» **What is expected**: The lines from the start of the records below through the line containing "商品名 NozomiYuasa×フラワーフォトフレーム「フェアリー・ブルーム」 価格" are to be copied exactly, both ends included, with nothing added.

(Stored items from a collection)
· · · ·
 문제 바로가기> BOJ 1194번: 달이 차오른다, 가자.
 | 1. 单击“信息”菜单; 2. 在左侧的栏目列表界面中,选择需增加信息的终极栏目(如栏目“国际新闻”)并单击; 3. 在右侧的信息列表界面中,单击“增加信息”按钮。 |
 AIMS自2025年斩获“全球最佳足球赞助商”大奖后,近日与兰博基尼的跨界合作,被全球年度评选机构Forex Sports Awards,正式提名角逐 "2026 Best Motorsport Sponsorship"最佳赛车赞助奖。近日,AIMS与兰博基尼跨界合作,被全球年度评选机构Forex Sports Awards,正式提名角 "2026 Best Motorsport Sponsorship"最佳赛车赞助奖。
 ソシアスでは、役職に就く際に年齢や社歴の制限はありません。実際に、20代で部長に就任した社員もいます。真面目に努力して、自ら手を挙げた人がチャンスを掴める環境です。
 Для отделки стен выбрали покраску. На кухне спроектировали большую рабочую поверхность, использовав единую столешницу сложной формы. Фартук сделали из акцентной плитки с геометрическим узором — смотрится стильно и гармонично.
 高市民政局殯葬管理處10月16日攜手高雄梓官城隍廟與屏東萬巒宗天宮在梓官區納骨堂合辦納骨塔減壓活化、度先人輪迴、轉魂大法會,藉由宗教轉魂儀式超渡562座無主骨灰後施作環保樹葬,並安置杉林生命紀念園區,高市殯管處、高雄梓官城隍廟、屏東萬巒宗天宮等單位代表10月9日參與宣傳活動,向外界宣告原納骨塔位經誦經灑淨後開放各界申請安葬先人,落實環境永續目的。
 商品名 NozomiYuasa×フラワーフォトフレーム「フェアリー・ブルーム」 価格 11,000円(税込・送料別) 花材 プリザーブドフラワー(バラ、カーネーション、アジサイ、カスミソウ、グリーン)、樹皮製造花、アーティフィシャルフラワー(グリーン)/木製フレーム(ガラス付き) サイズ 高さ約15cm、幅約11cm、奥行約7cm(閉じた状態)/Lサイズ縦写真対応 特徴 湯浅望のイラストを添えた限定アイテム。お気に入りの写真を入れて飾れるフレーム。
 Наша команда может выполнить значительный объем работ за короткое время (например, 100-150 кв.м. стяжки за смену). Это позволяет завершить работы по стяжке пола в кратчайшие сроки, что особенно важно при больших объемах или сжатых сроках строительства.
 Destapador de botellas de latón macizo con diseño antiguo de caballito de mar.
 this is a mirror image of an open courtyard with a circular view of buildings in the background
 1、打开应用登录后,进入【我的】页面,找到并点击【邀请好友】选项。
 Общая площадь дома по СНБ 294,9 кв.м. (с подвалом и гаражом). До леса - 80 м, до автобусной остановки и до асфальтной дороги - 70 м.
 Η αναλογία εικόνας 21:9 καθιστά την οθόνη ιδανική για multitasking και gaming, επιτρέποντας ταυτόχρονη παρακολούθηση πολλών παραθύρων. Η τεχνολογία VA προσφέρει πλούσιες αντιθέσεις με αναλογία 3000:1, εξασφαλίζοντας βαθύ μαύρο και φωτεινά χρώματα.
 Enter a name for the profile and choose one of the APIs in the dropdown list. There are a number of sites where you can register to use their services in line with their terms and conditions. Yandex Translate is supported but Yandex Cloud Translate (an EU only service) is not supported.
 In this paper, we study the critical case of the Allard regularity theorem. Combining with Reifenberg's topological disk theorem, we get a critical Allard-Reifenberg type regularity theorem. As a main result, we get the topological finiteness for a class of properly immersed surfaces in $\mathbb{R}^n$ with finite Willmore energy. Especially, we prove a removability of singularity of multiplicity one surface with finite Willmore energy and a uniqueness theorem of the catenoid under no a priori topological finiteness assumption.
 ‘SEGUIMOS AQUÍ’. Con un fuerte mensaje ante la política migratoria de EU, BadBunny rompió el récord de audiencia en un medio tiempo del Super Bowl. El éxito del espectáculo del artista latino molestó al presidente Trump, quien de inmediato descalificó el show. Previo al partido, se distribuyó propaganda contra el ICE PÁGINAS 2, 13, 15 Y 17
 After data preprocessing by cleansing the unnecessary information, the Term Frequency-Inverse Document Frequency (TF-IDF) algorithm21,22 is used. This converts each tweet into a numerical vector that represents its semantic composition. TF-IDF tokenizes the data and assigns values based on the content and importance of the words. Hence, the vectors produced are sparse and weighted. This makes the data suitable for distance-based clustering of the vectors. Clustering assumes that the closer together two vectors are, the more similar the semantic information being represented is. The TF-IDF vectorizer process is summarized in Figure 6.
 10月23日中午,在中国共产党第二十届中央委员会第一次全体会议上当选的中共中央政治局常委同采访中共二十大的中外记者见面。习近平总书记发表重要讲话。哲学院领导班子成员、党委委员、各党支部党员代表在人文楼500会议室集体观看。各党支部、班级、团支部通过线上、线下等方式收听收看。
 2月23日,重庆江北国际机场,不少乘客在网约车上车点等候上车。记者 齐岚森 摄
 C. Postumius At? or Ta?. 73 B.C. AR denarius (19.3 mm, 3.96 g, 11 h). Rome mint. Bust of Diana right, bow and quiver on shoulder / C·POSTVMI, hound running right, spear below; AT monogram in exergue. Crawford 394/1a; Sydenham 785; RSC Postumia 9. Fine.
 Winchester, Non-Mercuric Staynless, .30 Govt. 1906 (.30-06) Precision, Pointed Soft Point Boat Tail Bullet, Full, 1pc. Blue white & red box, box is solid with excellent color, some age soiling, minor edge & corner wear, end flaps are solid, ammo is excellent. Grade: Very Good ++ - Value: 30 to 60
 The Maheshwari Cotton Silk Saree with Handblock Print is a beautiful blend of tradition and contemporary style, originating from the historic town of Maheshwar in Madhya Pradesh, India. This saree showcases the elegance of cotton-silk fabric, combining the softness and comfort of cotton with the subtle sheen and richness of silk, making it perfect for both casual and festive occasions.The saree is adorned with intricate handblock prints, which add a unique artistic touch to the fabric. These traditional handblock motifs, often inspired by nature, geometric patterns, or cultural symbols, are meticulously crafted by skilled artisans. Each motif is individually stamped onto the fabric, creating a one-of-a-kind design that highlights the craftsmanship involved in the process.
· · · ·
» **Answer below**:
 문제 바로가기> BOJ 1194번: 달이 차오른다, 가자.
 | 1. 单击“信息”菜单; 2. 在左侧的栏目列表界面中,选择需增加信息的终极栏目(如栏目“国际新闻”)并单击; 3. 在右侧的信息列表界面中,单击“增加信息”按钮。 |
 AIMS自2025年斩获“全球最佳足球赞助商”大奖后,近日与兰博基尼的跨界合作,被全球年度评选机构Forex Sports Awards,正式提名角逐 "2026 Best Motorsport Sponsorship"最佳赛车赞助奖。近日,AIMS与兰博基尼跨界合作,被全球年度评选机构Forex Sports Awards,正式提名角 "2026 Best Motorsport Sponsorship"最佳赛车赞助奖。
 ソシアスでは、役職に就く際に年齢や社歴の制限はありません。実際に、20代で部長に就任した社員もいます。真面目に努力して、自ら手を挙げた人がチャンスを掴める環境です。
 Для отделки стен выбрали покраску. На кухне спроектировали большую рабочую поверхность, использовав единую столешницу сложной формы. Фартук сделали из акцентной плитки с геометрическим узором — смотрится стильно и гармонично.
 高市民政局殯葬管理處10月16日攜手高雄梓官城隍廟與屏東萬巒宗天宮在梓官區納骨堂合辦納骨塔減壓活化、度先人輪迴、轉魂大法會,藉由宗教轉魂儀式超渡562座無主骨灰後施作環保樹葬,並安置杉林生命紀念園區,高市殯管處、高雄梓官城隍廟、屏東萬巒宗天宮等單位代表10月9日參與宣傳活動,向外界宣告原納骨塔位經誦經灑淨後開放各界申請安葬先人,落實環境永續目的。
 商品名 NozomiYuasa×フラワーフォトフレーム「フェアリー・ブルーム」 価格 11,000円(税込・送料別) 花材 プリザーブドフラワー(バラ、カーネーション、アジサイ、カスミソウ、グリーン)、樹皮製造花、アーティフィシャルフラワー(グリーン)/木製フレーム(ガラス付き) サイズ 高さ約15cm、幅約11cm、奥行約7cm(閉じた状態)/Lサイズ縦写真対応 特徴 湯浅望のイラストを添えた限定アイテム。お気に入りの写真を入れて飾れるフレーム。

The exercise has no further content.